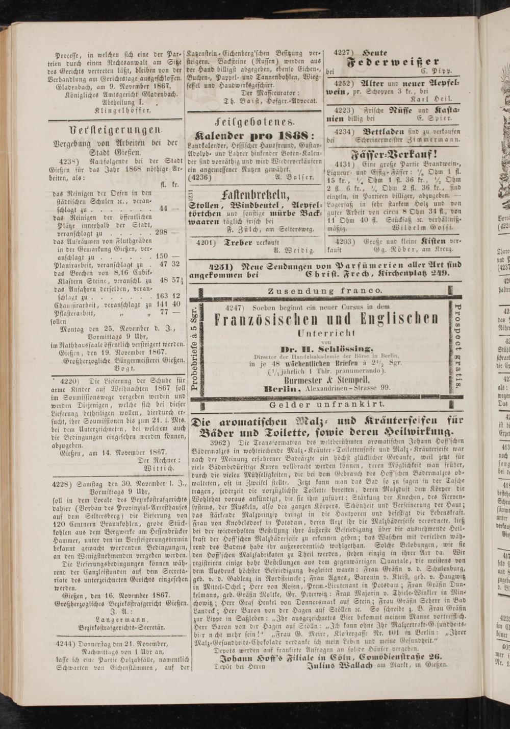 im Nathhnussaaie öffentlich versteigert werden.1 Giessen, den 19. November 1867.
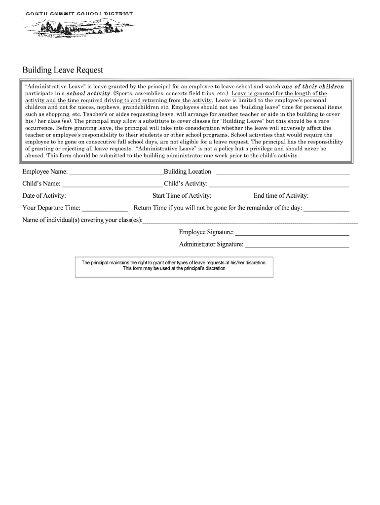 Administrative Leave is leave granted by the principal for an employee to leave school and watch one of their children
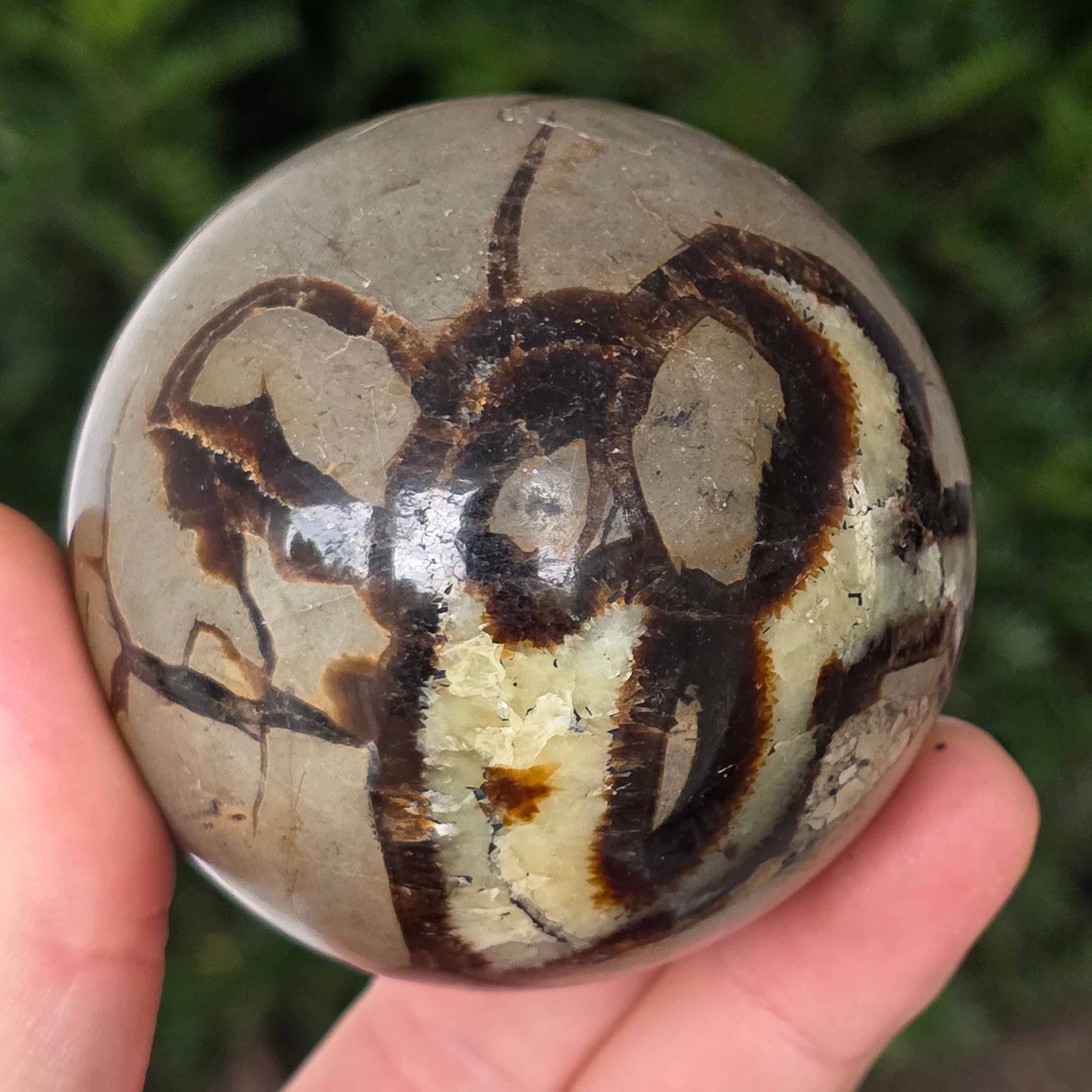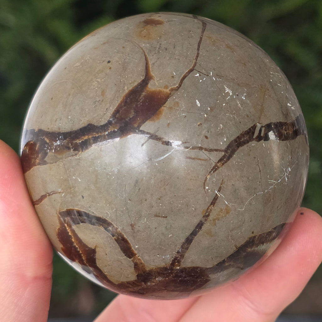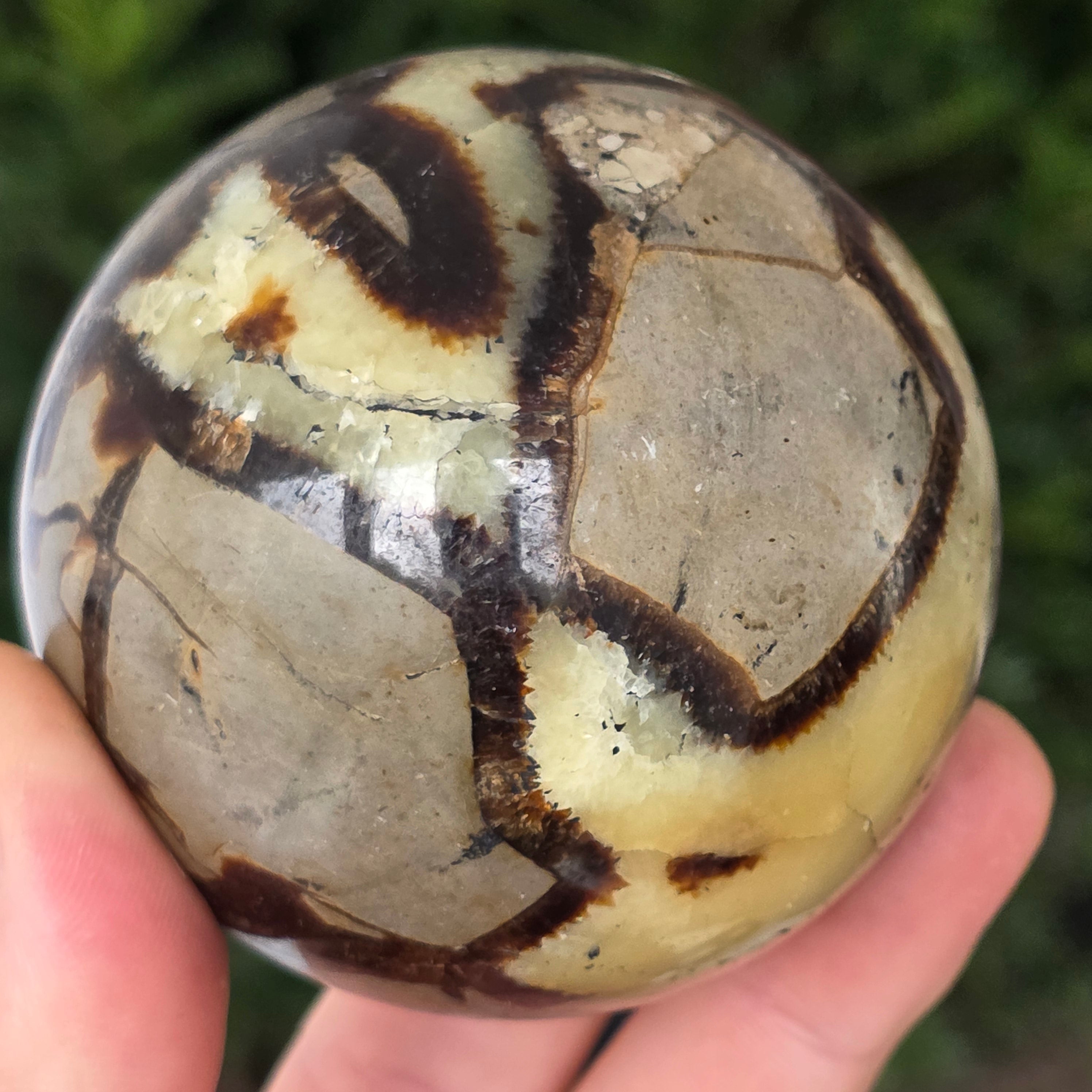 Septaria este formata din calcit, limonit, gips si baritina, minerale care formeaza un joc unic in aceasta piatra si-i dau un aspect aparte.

____

__Your assignment__
Could you repeat all of the material exactly? Pictures should not be copied.

__Completed exercise__
 im Nathhnussaaie öffentlich versteigert werden.1 Giessen, den 19. November 1867.
 Administrative Leave is leave granted by the principal for an employee to leave school and watch one of their children
 Septaria este formata din calcit, limonit, gips si baritina, minerale care formeaza un joc unic in aceasta piatra si-i dau un aspect aparte.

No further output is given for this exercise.